No se trataba de una obra más ni, por supuesto, de un mero producto para la venta. Tanto Mozart como el libretista, Emanuel Schikaneder, un hombre multiusos del teatro (empresario, actor, compositor y cantante), se involucraron al máximo hasta crear una de las óperas más importantes aun hoy, más de dos siglos más tarde. Shikaneder hizo de Papageno, el personaje más popular, que hace reir a carcajadas. Mozart dirigió la orquesta y hasta una cuñada suya, Josepha Hofer, hizo de Reina de la Noche. Por lo que Mozart escribió tras el estreno, se lo pasaron por lo menos tan bien como el público, que llenó las funciones durante una buena temporada. 

Esa troupe de artistas que saboreó el éxito con una comedia divertida y melodías icónicas también dejó plasmada su manera de ver el mundo, condicionada por las ideas de la Ilustración, el rechazo de la tiranía en una Europa que aún contenía el aliento ante la Revolución Francesa o la influencia de la masonería. La ópera está plagada de referencias masónicas, desde los ritos y pruebas iniciáticas, la simbología, la búsqueda de los sobrenatural a través de la razón o el omnipresente número tres, que ya se deja ver en el primer segundo de la obertura, con tres grandes acordes. No en vano, compositor y libretista eran masones. 

Como otras óperas de Mozart, en la Flauta Mágica hay una honda y novedosa reflexión filosófica y política (en tiempos de los emperadores del Sacro Imperio Romano Germánico), un espejo de las corrientes más avanzadas, un prólogo de lo que acabaría siendo trending topic y, por supuesto, un escándalo para los reaccionarios que entendiesen la complejidad de la obra. Todo ello combinado con una comedia de melodías pegadizas que cualquiera podría silbar la mañana siguiente, nada más poner un pie fuera de la cama, preguntándose de dónde las ha sacado.

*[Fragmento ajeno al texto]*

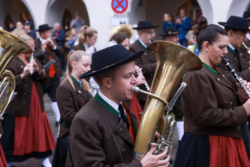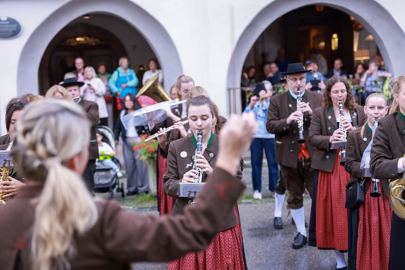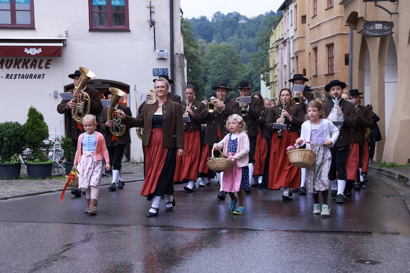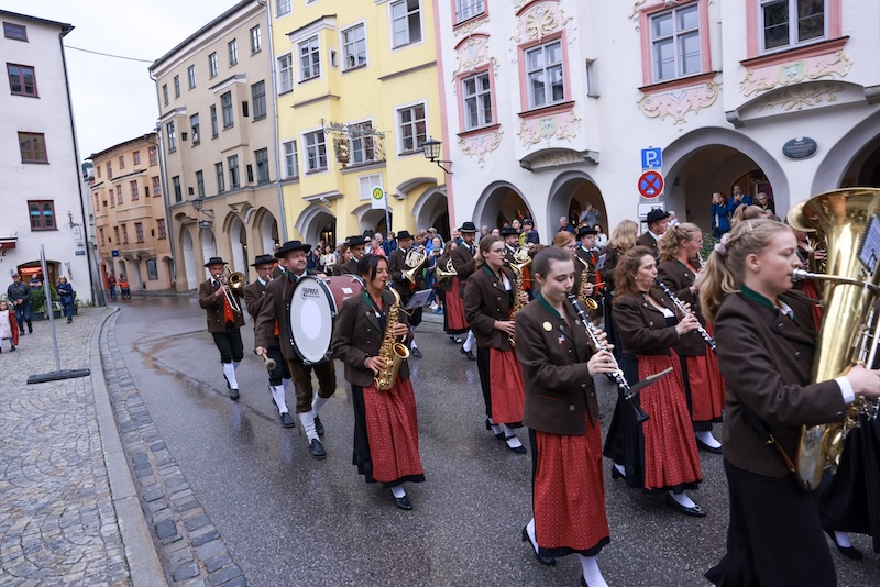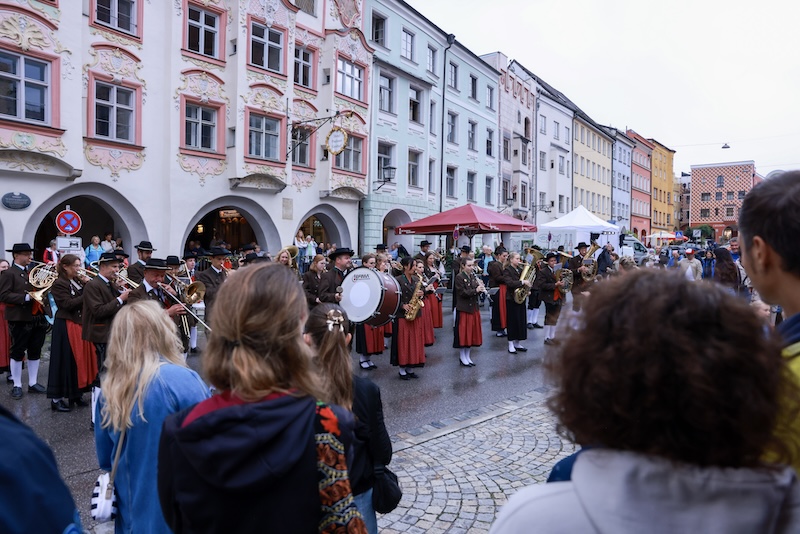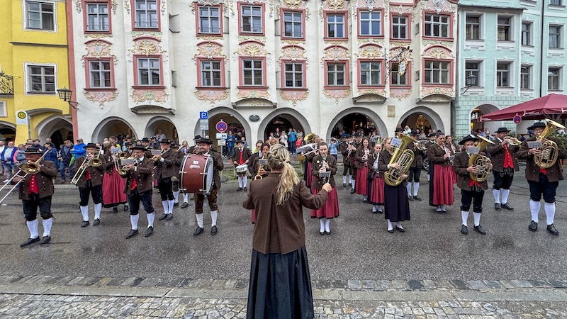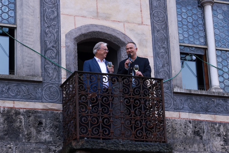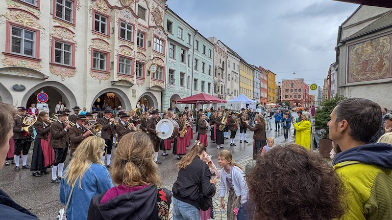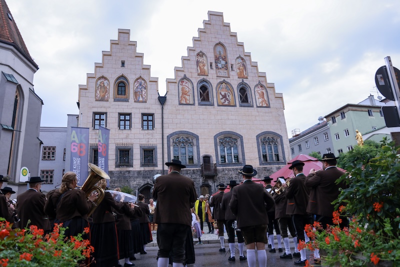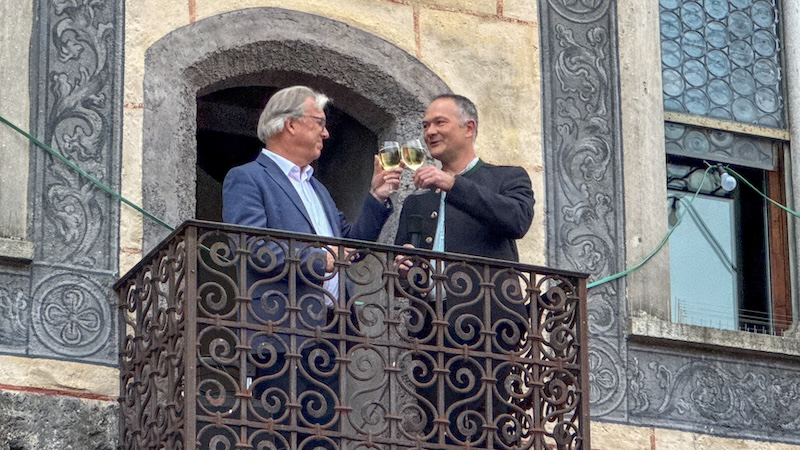 Wie immer eröffneten Bürgermeister Michael Kölbl und WFV-Vorsitzender Andreas Bonholzer auf dem Rathaus-Balkon das Wasserburger Weinfest und die Stadtkapelle spielte dazu auf.

En otras palabras: lo que hoy algunos llamarían puro adoctrinamiento (para los que no puedan soportar que se hable de la Ilustración o se evoque la masonería) y otros sencillamente un discurso artístico. Es evidente que una obra como la Flauta Mágica, cuyas tripas dan para un sinfín de clases de historia, música o filosofía en cualquier programación de bachillerato, no habría pasado el examen si se hubiera sometido en su época a lo que hoy se ha dado en llamar un pin parental. Sin duda habría quien aceptaría la música pero reivindicaría su libertad de conciencia y su derecho a objetar para no contaminarse de lo que dice la letra. ¡Pobre del profesor que se atreviese a explicar su subversivo sentido global!

Anett Fritsch (Pamina) y Andreas Wolf (Papageno), durante la representación.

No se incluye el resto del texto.